Can't believe Leicester appointed Ranieri ... Great club, great fanbase but I'm afraid MK rather than Old Trafford season after next.July 13, 2015
Sub: Djibril Cisse
The France international moved to Liverpool in 2004 and made 24 first-team appearances in all competitions that season, scoring five goals. But then commenced a wretched run with injuries, as Cisse broke his leg on two occasions.
The first came against Blackburn in 2004, when he fractured his tibia and fibula in seemingly innocuous circumstances, an incident which was expected to rule him out for the season.
He returned just six months later, however, coming on as substitute against Juventus in the Champions League quarter-final in April 2005. He scored both of Liverpool's goals in their final Premier League match of the campaign against Aston Villa, a 2-1 victory, and converted a penalty in the Champions League final shoot-out.
After that, Cisse broke his leg again while on international duty for France during a friendly against China, and barely played for Liverpool again. After leaving Anfield he represented nine clubs in France, England, Greece, Italy, Russia and the Indian Ocean island of Reunion before retiring in 2015.
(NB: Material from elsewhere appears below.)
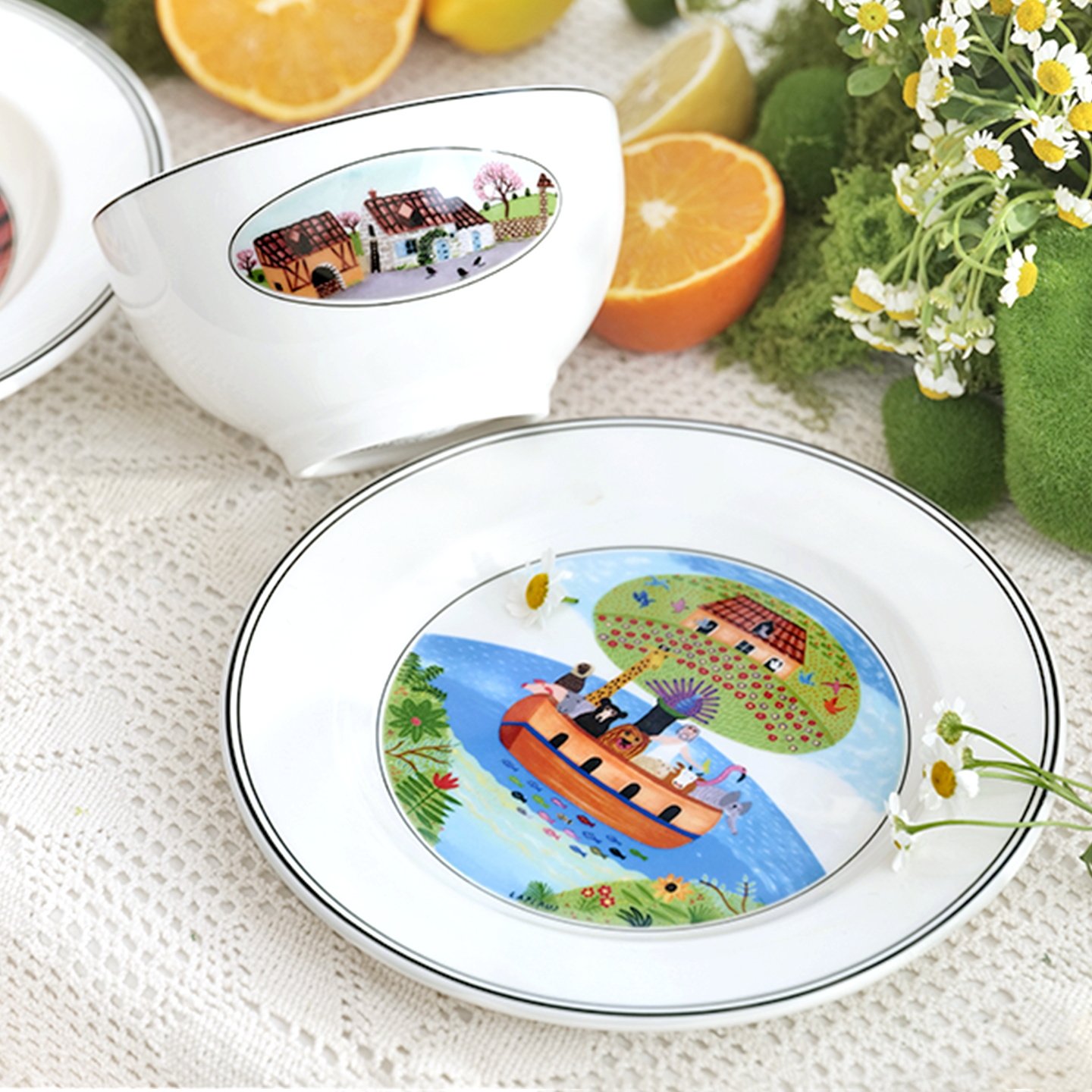 陶瓷碗盘勺套装 餐具家用吃饭碗盘饭可微波16件套 芭芭农场

An intriguing character, Cisse has been entitled Lord of the Manor of Frodsham, refused the local hunt permission to use his land, starred in a French comedy film and TF1's version of Strictly Come Dancing, launched a clothing range, been questioned over an alleged extortion plot (he denies any involvement), and converted from Islam to Catholicism. He's now a DJ.
NEXT: Rafa the gaffer
Manager: Rafael Benitez
Benitez joined Liverpool from Valencia, where he'd won two league titles and a UEFA Cup, to replace Gerard Houllier in 2004.
It was a rather turbulent time at Anfield: Michael Owen departed for Real Madrid a short time later, while there were also numerous reports linking Steven Gerrard to Chelsea.
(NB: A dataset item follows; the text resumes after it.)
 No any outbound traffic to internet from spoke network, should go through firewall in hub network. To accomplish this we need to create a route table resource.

"Rafa the gaffer" guided Liverpool to Champions League success in 2005 and an FA Cup triumph the following season, much to the fans' delight. He then came within four points of a first league title in almost two decades in 2009, eventually finishing second behind Manchester United.
But from there things quickly went south. A seventh-place finish in the league, combined with early exits from the cup competitions, led to his dismissal in 2010. Stints at Inter, Chelsea, Napoli and Real Madrid followed, before he joined Newcastle in March 2016.